|
|
|
|
|
|
Yazın bi kap su- kışın bi kap yemek konusunda sokak hayvanlarında uzlaşıyoruz, çok şükür. “Çok şükür”, çünkü sokak hayvanları nadir uzlaşı alanlarımızdan bi tanesi.
Ama ne hikmetse iş insana geldi mi “bi önce bakalım” di mi.. “İn mi cin mi, Arap mı, Kürt mü, Ezidi mi, Süryani mi? Türk’se- Türkmen’se belki belki.. Yoksa bize ne, bırakalım ne hali varsa görsün, ölsün hatta .. Hem nedir canım, bu A-ka-pe hükümetinin Sünni Müslüman kayırıcılığı ? Ülkede onca aç açık varken, elin Suriye’lisini getirip burnumuzun dibine yerleştirdiği yetmez gibi yedirdi, içirdi, baktı besledi. Üstelik hepsi terörist, üstelik hükümet (yarın bir gün muhtemel bir iç savaşta kendi safında yer almaları şartıyla) hepsini eğitiyor- silahlandırıyor, üstelik oy da kullandırtıyormuş kendi lehine !! Yazıklar olsun!!”Ve daha bir sürü abartı, uydurma, demogoji..
Hepsi ne için ? Suriye’de son birkaç yılda yüzbinlerce insanın can verdiği bir iç savaştan kaçanları örfümüz, inancımız, komşuluk hukukumuz gereği misafir ediyoruz diye..

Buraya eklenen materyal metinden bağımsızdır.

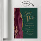 This elegant modern save the date magnet card features a burgundy watercolor agate border trimmed with faux gold glitter. Easily customise the gold-coloured text on an emerald green background.

Elbetteki bölgedeki olağanüstü durumun etkisiyle özellikle Suriye sınırlarımız (bizim dışımızdaki sebeplerden ötürü) delik deşik inkâra gerek yok. Ve tabiki çeşitli silahlı grup mensuplarının, silah tüccarlarının ve hatta yabancı ajanların cirit attığı bir coğrafyadan bahsettiğimizin de farkındayız.
Bu gibi güvenlik riskleri yok demiyoruz ve Türk hükümetinin bu gibi riskleri en aza indirgemek için sınırda bir süzgeçten geçirme işlemini azami yapma gayretine rağmen içeri sızabilecek her türlü unsurun da..
Evet milyonlarca ihtimal var.. Evet, coğrafya ve şartlar gereği süreç risklere açık. Ama Allah aşkına “bırakalım ölsünler” diyebilir miyiz? Bunu sokak hayvanları için bile diyebilir miyiz ?
Merak ettim (ve biraz da nelerle karşılaşacağımı tahmin ederek) ekşi sözlük tarzı sosyal platformlardan bir ikisine göz gezdireyim dedim.. Bakın ne ilginç ifadeler var, insanlığın en yalın hali olan “mülteci” meselesi için;
“Türkiye'yi bir katil devlet haline getirip, b.k çukuruna sokmak isteyenlerin referans gösterdikleri mültecilerdir..”.. Bak sen.. Türkiye Dersim’de kendi insanını mağaralarda kıstırıp gazlayarak öldürdüğü vakit, 16- 17 yaşındaki çocukların yaşını büyütüp astığı vakit, Jitem eliyle binlerce faili meçhule imza attığı vakit “katil devlet” olmamış da şimdi (çoğu çocuk kadın olan) Suriye’li mülteciler sayesinde olacakmış.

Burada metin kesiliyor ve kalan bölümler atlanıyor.